● **Data to process**:

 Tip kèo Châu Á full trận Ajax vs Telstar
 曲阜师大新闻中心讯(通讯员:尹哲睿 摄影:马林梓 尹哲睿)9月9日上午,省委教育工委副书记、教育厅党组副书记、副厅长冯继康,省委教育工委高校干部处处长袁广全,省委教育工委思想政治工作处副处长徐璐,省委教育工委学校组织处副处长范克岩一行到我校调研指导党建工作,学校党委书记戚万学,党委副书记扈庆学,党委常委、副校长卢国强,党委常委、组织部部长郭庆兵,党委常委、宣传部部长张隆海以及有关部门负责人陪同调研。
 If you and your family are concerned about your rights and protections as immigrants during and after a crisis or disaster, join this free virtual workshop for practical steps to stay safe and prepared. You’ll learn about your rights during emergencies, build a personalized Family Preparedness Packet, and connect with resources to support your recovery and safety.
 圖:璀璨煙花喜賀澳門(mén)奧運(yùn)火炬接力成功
--
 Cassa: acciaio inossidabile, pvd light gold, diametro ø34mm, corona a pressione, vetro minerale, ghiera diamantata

● **Goal of the exercise**:
Of all the entries above, retype exactly the lines from the line with "Tip kèo Châu Á full trận Ajax vs Telstar" to the line with "圖:璀璨煙花喜賀澳門(mén)奧運(yùn)火炬接力成功", both included, and no others.

● **Solution for this problem**:
 Tip kèo Châu Á full trận Ajax vs Telstar
 曲阜师大新闻中心讯(通讯员:尹哲睿 摄影:马林梓 尹哲睿)9月9日上午,省委教育工委副书记、教育厅党组副书记、副厅长冯继康,省委教育工委高校干部处处长袁广全,省委教育工委思想政治工作处副处长徐璐,省委教育工委学校组织处副处长范克岩一行到我校调研指导党建工作,学校党委书记戚万学,党委副书记扈庆学,党委常委、副校长卢国强,党委常委、组织部部长郭庆兵,党委常委、宣传部部长张隆海以及有关部门负责人陪同调研。
 If you and your family are concerned about your rights and protections as immigrants during and after a crisis or disaster, join this free virtual workshop for practical steps to stay safe and prepared. You’ll learn about your rights during emergencies, build a personalized Family Preparedness Packet, and connect with resources to support your recovery and safety.
 圖:璀璨煙花喜賀澳門(mén)奧運(yùn)火炬接力成功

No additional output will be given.